20. It was further pleaded that the appellant was a beneficiary of the judgment in Kisumu ELRC No. 258 of 2018 which entitled him and others to enjoy benefits from a CBA registered between the Kenya Union of Sugar Plantation & Allied Workers and the respondent that was registered under RCA No. 29 of 2019. It was pleaded that one of the terms of the CBA was that appellant and others were to enjoy an increased salary from 1st May, 2017 but the respondent failed, refused, and or neglected to enforce and honour the CBA.

21. The appellant prayed for the following orders in the lower trial court –a.Declaration that the claimant was terminated unfairly and unlawfully by the Respondent.b.Claim for compensation, that is payment in lieu of notice, unlawful unfair termination, salary underpayments, overtime, lunch, leave allowance and overtime, all totaling to the sum of Ksh. /- as per paragraph 18 above.c.Compensation for Leave days earned but not taken during the pendency of employment.d.Certificate of service.e.Costs of the suit.f.Interest on (a) above.g.Any other further relief that the court may deem just and fit to grant.

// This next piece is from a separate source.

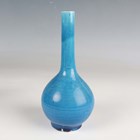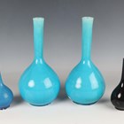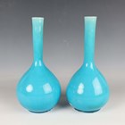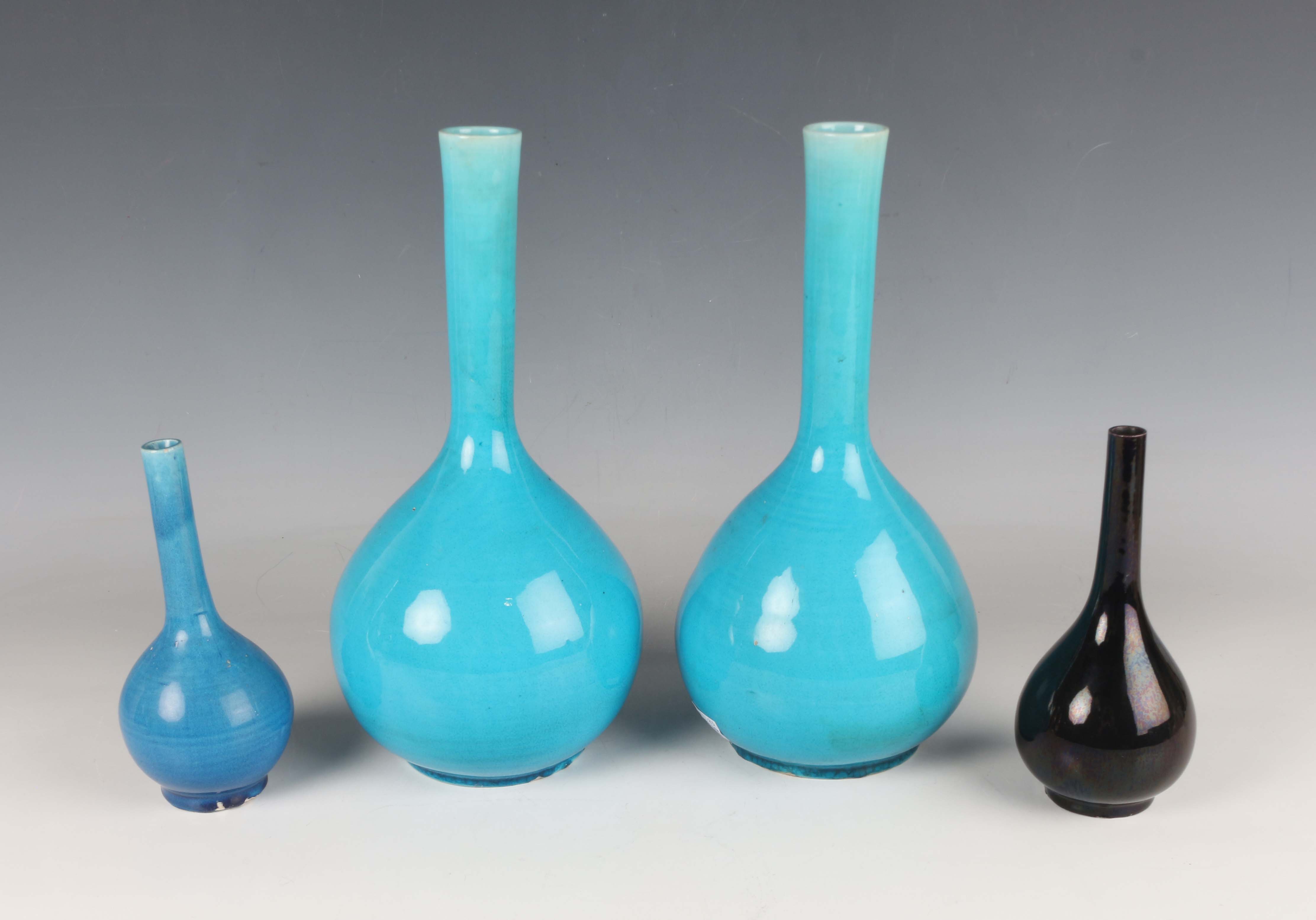 A pair of Chinese turquoise glazed porcelain bottle vases, late Qing dynasty, each with globular body and slightly tapered slender cylindrical neck, height 25.5cm, together with a similar smaller turquoise glazed bottle vase, height 14.6cm, and a black glazed bottle vase, height 15cm (minor faults).

22. The claim was denied and in the filed statement of defence the respondent pleaded that the appellant worked on several fixed term contracts of one year each from 1st July, 2016 to 30th June, 2020 at a consolidated monthly salary of Kshs15,720/=.

23. The respondent further pleaded that on 29th June, 2020 the appellant was issued and served with a notice to the effect that his contract was not to be renewed upon lapse on 30th June, 2020. It was further pleaded that thereafter the dues payable to the appellant were calculated but the appellant failed and or refused to collect the same.

24. In regard to the judgment in Kisumu ELRC No. 258 of 2018 that was rendered and delivered on 16th April, 2020, it was pleaded that the said judgment was stayed on 11th January, 2021 pending the hearing and determination of an appeal arising therefrom.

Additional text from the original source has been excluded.